Vom Hörensagen

„Ich hatte von dir nur vom Hörensagen vernommen, aber nun hat mein Auge dich gesehen“, sagt Hiob über Gott (Hiob 42, 5), nachdem er den Tod seiner Kinder sowie geschäftlichen und gesundheitlichen Ruin durchlebt hatte. In der Zeit danach lernte er Gott anders kennen als vor all dem Elend – unmittelbar, aber nicht weniger geheimnisvoll: Er hatte einen Einblick bekommen von Gottes Macht und Herrlichkeit.

Wir haben uns daran gewöhnt, schlechte Nachrichten zu lesen oder zu hören: in der Zeitung, im Radio, im Internet. Sie schocken uns, wenn überhaupt, meist nur kurz – auch wenn es wirklich schlimme Dinge sind, die in der Welt passieren. Aber es handelt sich fast immer um Geschichten, die mit uns persönlich nichts zu tun haben und uns entsprechend wenig berühren – vom Hörensagen.

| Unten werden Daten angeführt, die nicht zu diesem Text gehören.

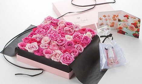 ピンクの薔薇でグラデーションされた運命のバラという名のローズファタール。まるでバラのアレンジメントの様なローズバス・フラワーボックスです。ピンクのバラ50輪以上でご用意致しました。

Schlechte Nachrichten entfalten eine andere Wirkung, wenn Menschen damit konfrontiert sind, die wir persönlich kennen. In den letzten Wochen war das der Fall: sozusagen Mord und Totschlag in unserem Dunstkreis. Wir blicken in die Abgründe einer gefallenen Welt – nicht aus sicherer (rationaler) Distanz, sondern aus der (emotionalen) ersten Reihe. Wir sind nicht die Hauptdarsteller, gehören aber zum Ensemble; `vom Hörensagen´ ist definitiv vorbei.